What is Bag of Words?
Bag of Words (BoW) is a text representation technique that converts a document into a vector of word counts or frequencies, ignoring word order and grammar. Each dimension of the vector corresponds to a word in the vocabulary, and its value reflects how often that word appears. It is one of the foundational methods in natural language processing and information retrieval.
Why does Bag of Words matter?
BoW was the dominant approach for text classification, search, and topic modelling for decades before neural embeddings. It underpins TF-IDF weighting and forms the conceptual basis for BM25, the sparse retrieval algorithm still widely used in hybrid search today. Understanding BoW is essential for understanding why dense semantic search was developed as an improvement.
How does Bag of Words work?
Given a corpus of documents:
- Build a vocabulary: collect all unique words across all documents
- Vectorise each document: create a vector of length |vocabulary|, with each position recording word frequency
Example:
- Doc A: “self-hosted inference engine”
- Doc B: “inference engine deployment”
| self-hosted | inference | engine | deployment | |
|---|---|---|---|---|
| Doc A | 1 | 1 | 1 | 0 |
| Doc B | 0 | 1 | 1 | 1 |
These vectors can then be compared using cosine similarity or used as features in a classifier.
What is TF-IDF and how does it improve Bag of Words?
Raw word counts treat all words equally. TF-IDF (Term Frequency-Inverse Document Frequency) weights each word by how distinctive it is to a document:
- TF (Term Frequency): how often the word appears in this document
- IDF (Inverse Document Frequency): how rare the word is across all documents
Common words like “the” get low IDF scores and are effectively down-weighted. Distinctive words get high scores. This makes TF-IDF much more useful than raw counts for retrieval and classification.

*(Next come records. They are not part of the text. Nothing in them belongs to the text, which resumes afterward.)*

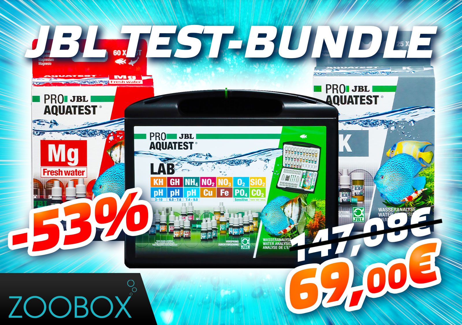 In diesem Bundle erhälst du den PROAQUATEST LAB sowie die Kalium und Magnesium Refill, die nicht in diesem Test enthalten sind zum unglaublichen Preis von 69€
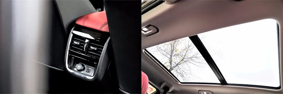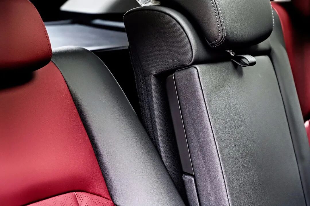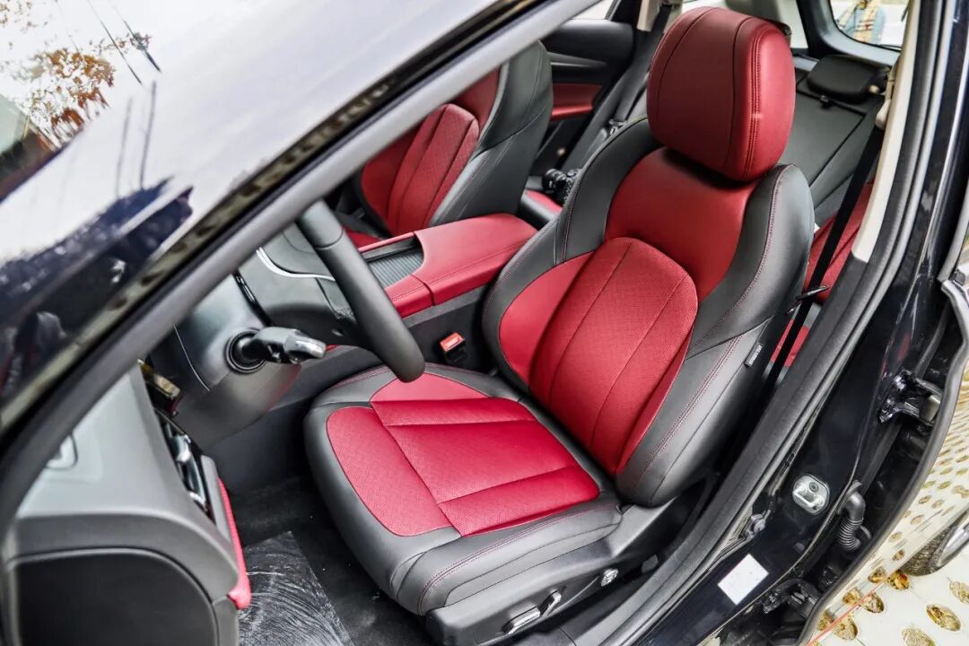 实拍车型配备黑红双色拼接的皮质座椅,柔软度不错,久坐不累。主副驾驶均支持电动调节,前排座椅带加热功能,主驾驶座还支持通风和按摩。
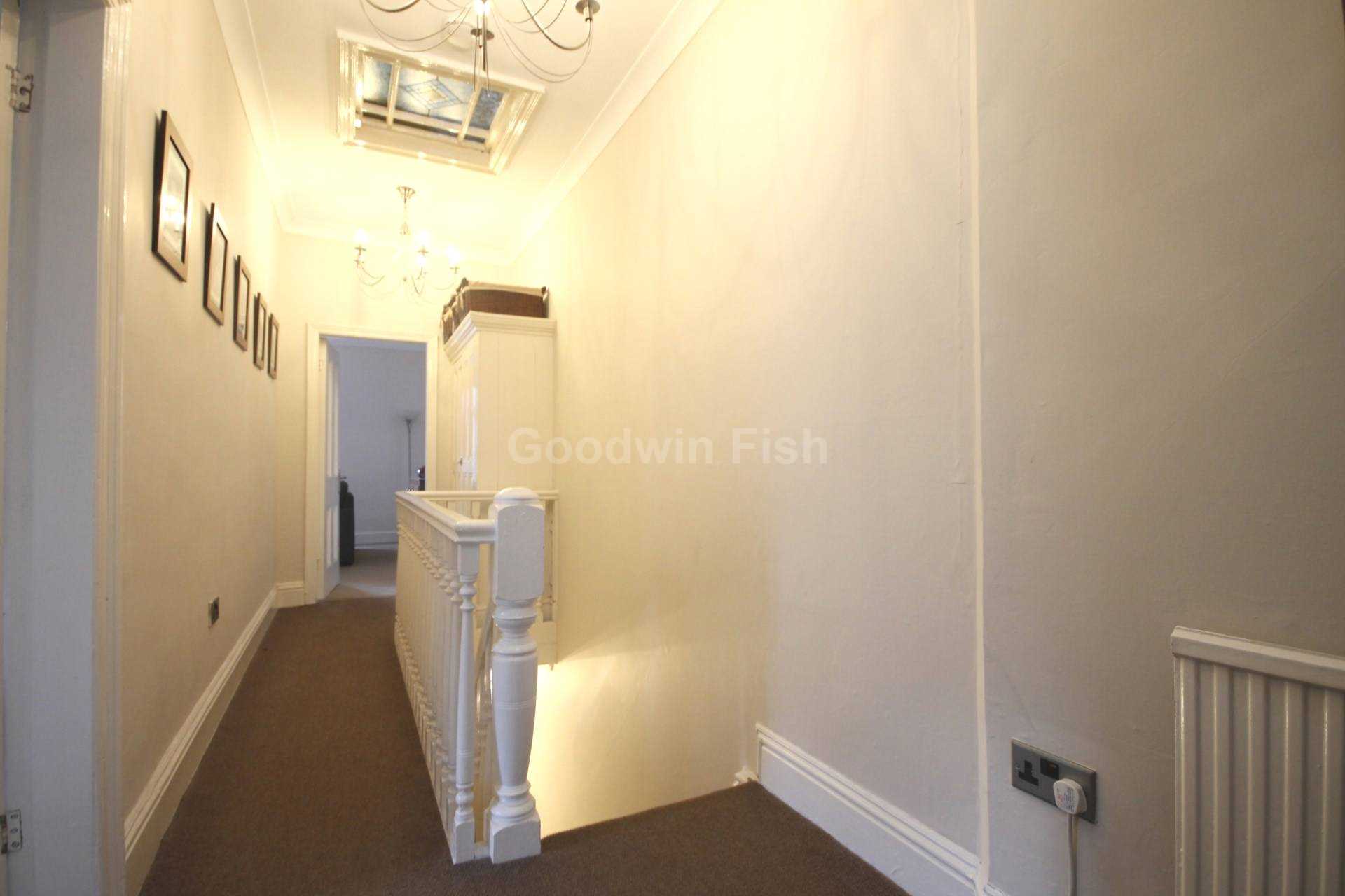 The living accommodation is accessed via the hallway, stairs, and attractive landing area featuring original restored skylights. Two grand chandeliers grace the traditionally high ceilings typical of the Edwardian era, illuminating a spacious landing area adorned with a solid natural wood chest of drawers & lamp and a gallery of framed photographs of local scenery.
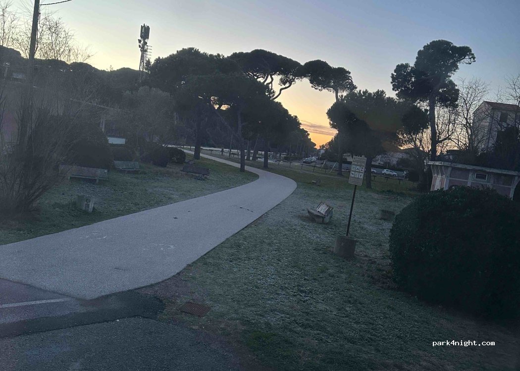 Dobre miejsce do postoju, znajdujące się przy osiedlu dla mieszkańców. Darmowe i spokojne, spędziliśmy tam parę godzin bez żadnych problemów. Zaparkowaliśmy na białych miejscach (darmowych we Włoszech).
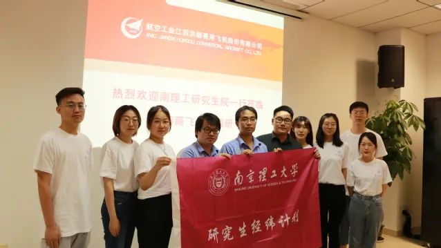 19日下午,实践团队赴航空工业江西洪都商用飞机股份有限公司进行参观学习。团队师生与洪都集团相关负责人及校友进行了座谈交流。在座谈会上,洪都集团人力资源部薪酬福利主管赵祺麟从企业基本情况、主要产品、人才队伍及招聘计划等方面向同学们进行了介绍,并表示希望后续能进一步加强与南理工的合作。人力资源部部长胡国强指出希望同学们以奋斗为本,将成就动机和价值实现结合起来,承担起强军报国的责任与担当。随后,我校机械学院16届硕士校友丁先良,能动学院2019届本科校友邱雨强从自身经历、家国情怀等方面谈了自己的切身体会,鼓励南理学子积极投身国防行业,为国防建设贡献力量。在场的同学们也积极提出了自己感兴趣的问题,与企业负责人和校友进行了深入交流。
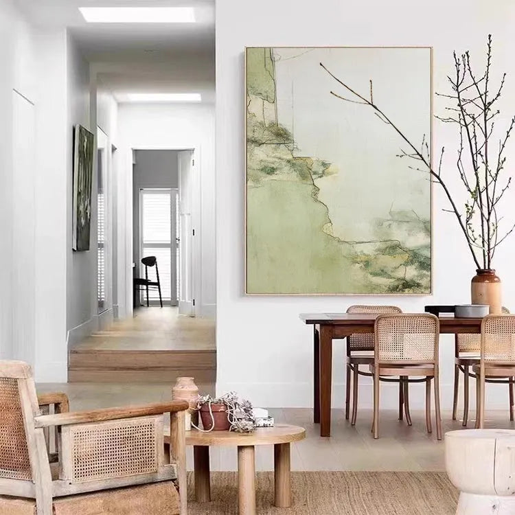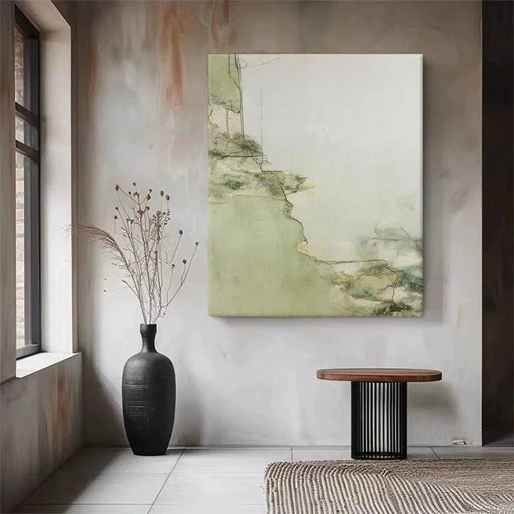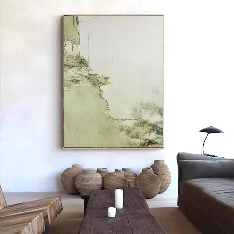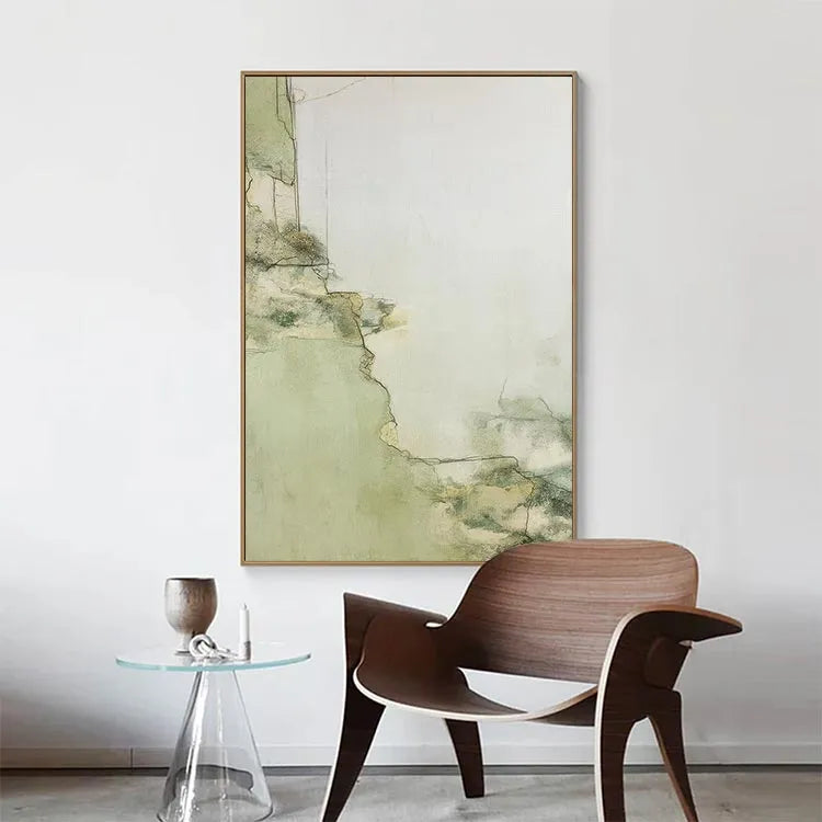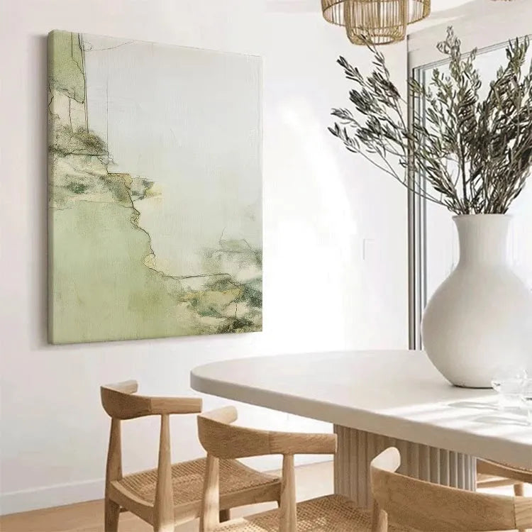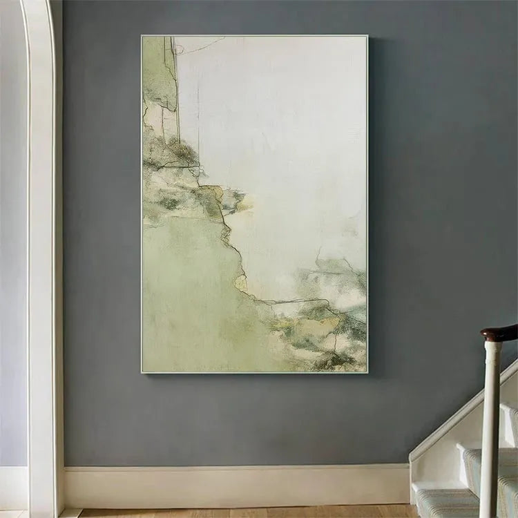 This painting exemplifies the delicate, ethereal qualities of watercolor, with its subtle interplay of light and shadow. The composition is characterized by a vertical division, with the left side featuring a textured, greenish landscape that gradually fades into a misty, white background on the right. The use of color is restrained, with soft greens and grays creating a serene, almost dreamlike atmosphere. The texture of the paper is visible, adding a tactile quality to the piece. The brushstrokes are gentle and fluid, with a loose, almost sketch-like quality that suggests spontaneity. This work may belong to the modern minimalist movement, emphasizing simplicity and the natural beauty of understated forms and colors.

Bag of Words vs semantic embeddings
| Bag of Words / TF-IDF | Dense embeddings | |
|---|---|---|
| Captures word order | ✗ | ✓ (contextual) |
| Handles synonyms | ✗ | ✓ |
| Handles rare terms | ✓ | ✗ |
| Vector size | Large (vocab size) | Small (768-4096) |
| Requires model | ✗ | ✓ |
| Best for | Keyword matching | Semantic search |
Dense embedding models like BGE-M3 address BoW’s main weakness (no semantic understanding), but BoW-style sparse retrieval remains useful in hybrid search precisely because it handles exact keyword matching that semantic models miss.
How does Bag of Words relate to modern hybrid search?
BM25, used in systems like Elasticsearch, Solr, and OpenSearch, is essentially an improved TF-IDF/BoW approach with length normalisation. In hybrid search, BM25 handles the sparse retrieval path while dense vectors handle the semantic path. BGE-M3 can produce sparse vectors that mimic BM25-style term weighting, allowing you to run hybrid search from a single model.
Frequently asked questions
Is Bag of Words still used in production? Yes, primarily via BM25 in keyword search and hybrid search pipelines. Many production retrieval systems combine BM25 (sparse) with dense embeddings for the best of both worlds.
What are the main limitations of Bag of Words? It ignores word order (“dog bites man” and “man bites dog” produce identical vectors), can’t handle synonyms, and creates very high-dimensional sparse vectors for large vocabularies.
What’s the difference between Bag of Words and Word2Vec? BoW produces discrete term-count vectors. Word2Vec produces dense continuous vectors that capture semantic meaning. Word2Vec was an early step towards the modern embedding models used in semantic search today.